`NaN` in Statistical Hypothesis Testing

How can we ignore missing values or NaN during testing?

A = [0.1, NaN, 0.16]
B = [1.0, 0.9, 0.82]

EqualVarianceTTest(A, B)

output:

Two sample t-test (equal variance)
----------------------------------
Population details:
    parameter of interest:   Mean difference
    value under h_0:         0
    point estimate:          NaN
    95% confidence interval: (NaN, NaN)

Test summary:
    outcome with 95% confidence: reject h_0
    two-sided p-value:           NaN

Details:
    number of observations:   [3,3]
    t-statistic:              NaN
    degrees of freedom:       4
    empirical standard error: NaN

(I don’t know the answer to your question, but I adjusted the title a bit to make it clear to others that this is a question about statistical testing, not unit testing!)

1 Like

Easy to ignore whatever values you don’t want to use: EqualVarianceTTest(filter(!isnan, A), B).

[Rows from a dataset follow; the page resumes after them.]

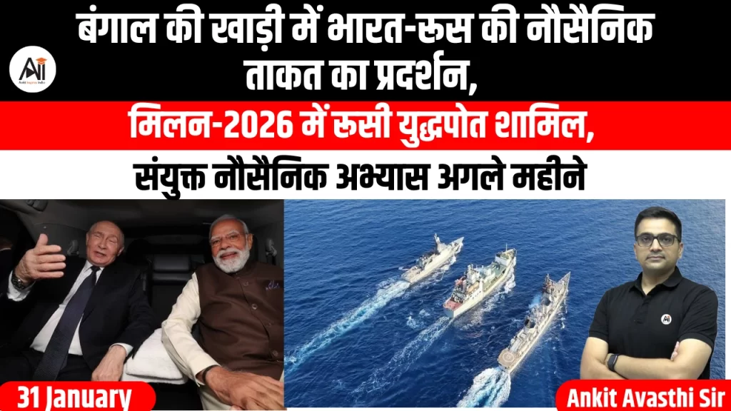 रूस की सरकारी समाचार एजेंसी ने पुष्टि की कि भारत और रूस अगले महीने 15 से 25 फरवरी 2026 तक हिंद महासागर के बंगाल की खाड़ी क्षेत्र में संयुक्त नौसैनिक अभ्यास करने जा रहे हैं। यह अभ्यास भारतीय नौसेना द्वारा...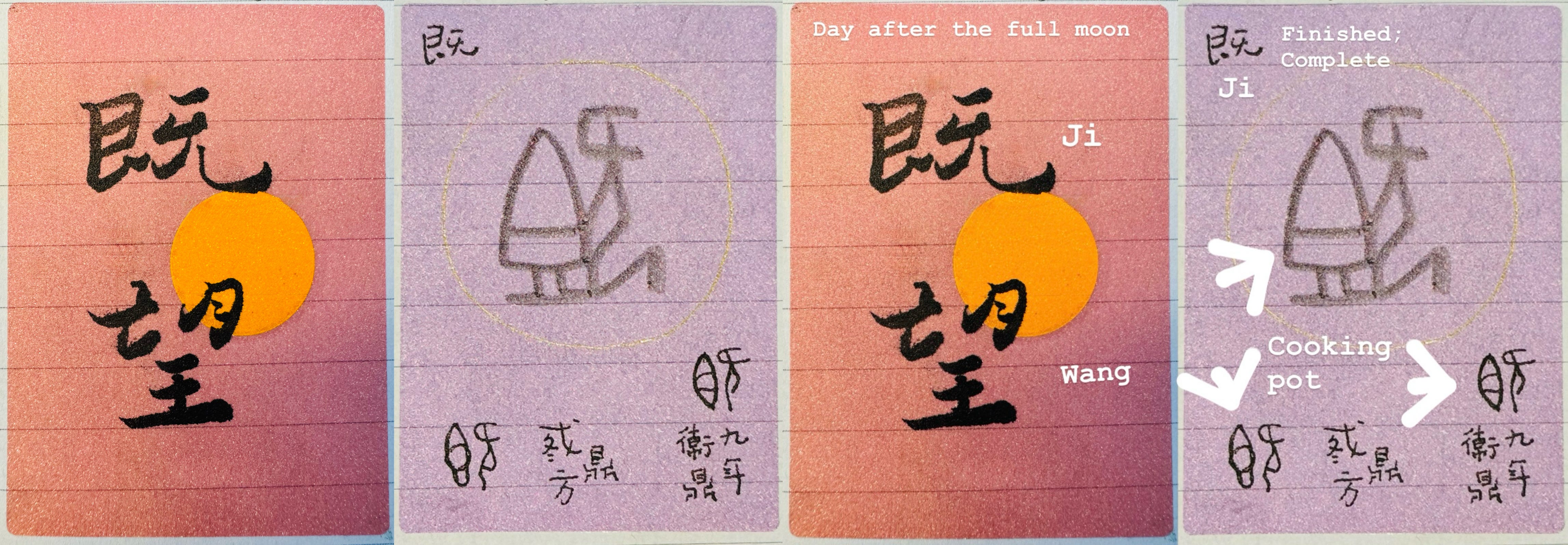 Is the urge to name everything we see a human condition? Anyway the ancient Chinese were not satisfied with naming the day of the full moon but also the day after. So here we have 既望1[ji: wa:ŋ], literally “the look completed”.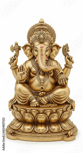 Golden Ganesha statue sitting on lotus base, detailed craftsmanship, four arms holding symbolic objects, serene expression, traditional Hindu religious art, spiritual decor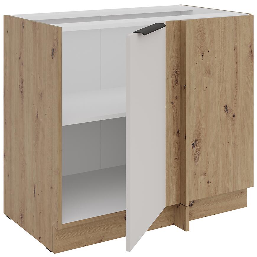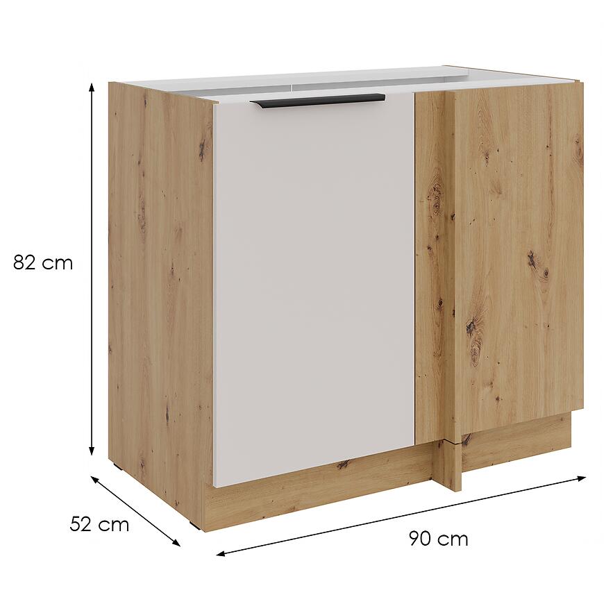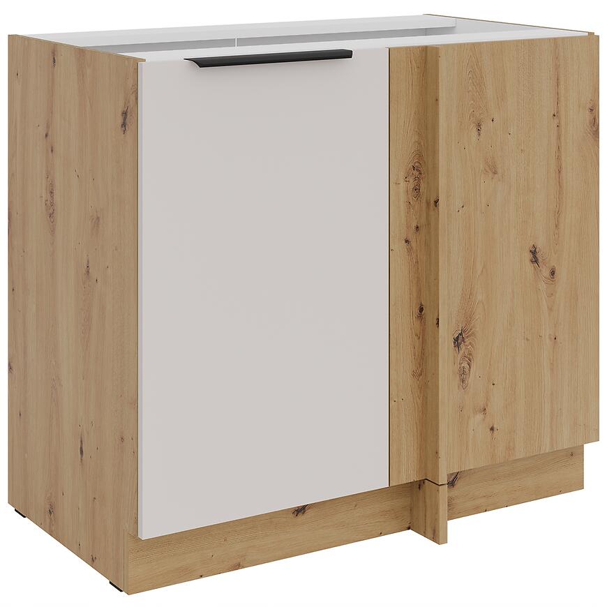 Korpus w jasnym, drewnopodobnym dębie artisan podkreśla naturalny charakter szafki, a cokół w tym samym kolorze gwarantuje spójny i estetyczny wygląd zabudowy. Brak nóg i blatu w zestawie daje swobodę dopasowania szafki do indywidualnej aranżacji kuchni.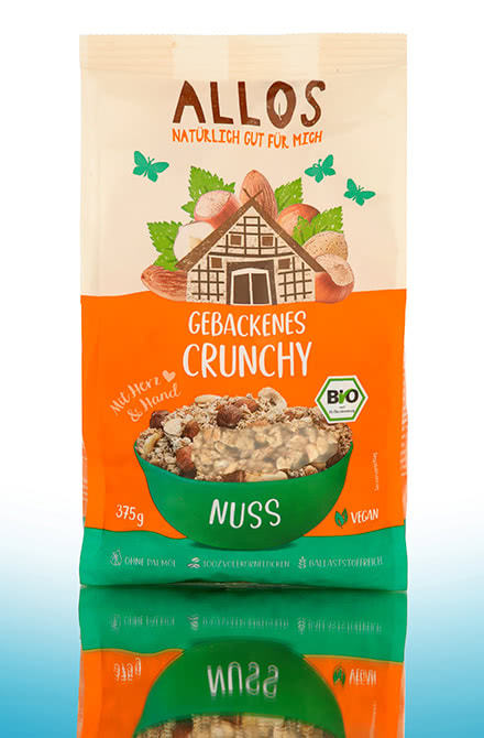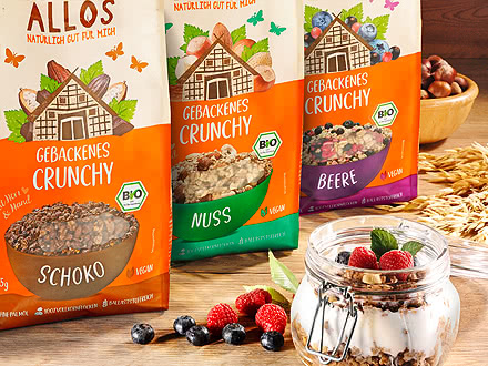 The finely flavoured Allos Baked Crunchy Oats contain a balanced mix of crispy oat crunchies and crunchy rice crispies. Allos Baked Crunchy Chocolate makes the heart of big and small chocolate fans beat faster with melt-in-the-mouth chocolate chips and finely rolled oat flakes. Crunchy roasted hazelnuts and hearty dark chocolate ensure an intense indulging experience in Allos Baked Crunchy Dark Hazelnut. Those who like it fruity should try the Allos Baked Crunchy Berry. With a pleasantly tart-sweet mix of blackcurrants, blueberries, cranberries and crunchy oats, you'll get a good start to the day. Allos Baked Crunchy enriches the breakfast table with crunchy wholemeal oats, fruity berries through to delicious chocolate and roasted hazelnuts.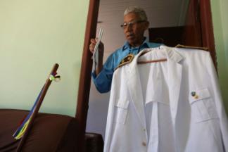 Em Catalão, Capitão Antônio Alves de Lima, Seu Toinzinho (in memoriam), prepara a farda do Congo Santa Terezinha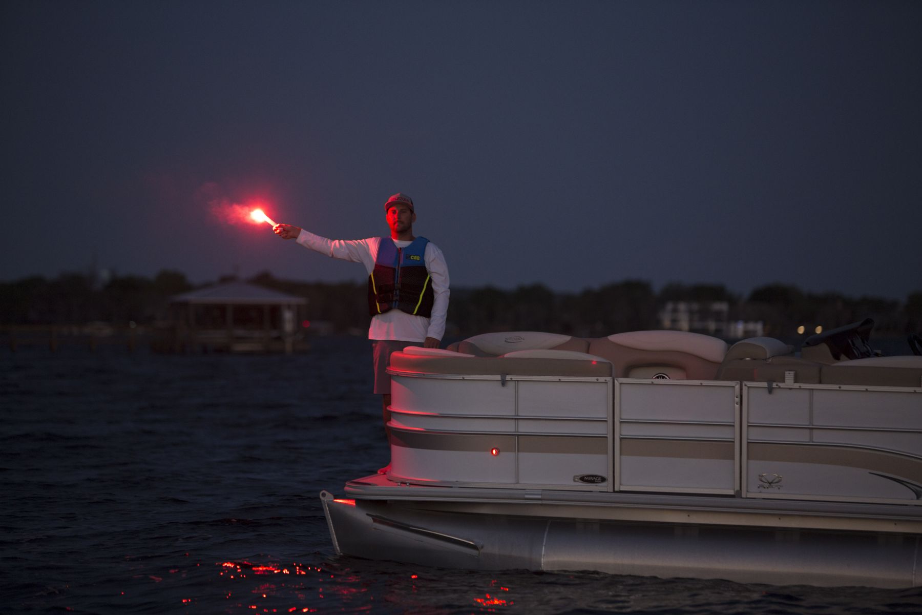 Safety in the Dark: Royalty-Free Photos of Boat Flare Use at Dusk

If your observations in A and B are paired and you want to ignore corresponding elements from both (not only remove A[2] that is NaN but also remove B[2]), then it’s most convenient to put these arrays into a single columnar table. In Julia, it’s effectively free, and you retain the same familiar array interface:

using StructArrays
# best to keep both A and B together from the beginning, if they are paired
data = StructArray(; A, B)

data = filter(x -> !any(isnan, x), data)
EqualVarianceTest(data.A, data.B)
4 Likes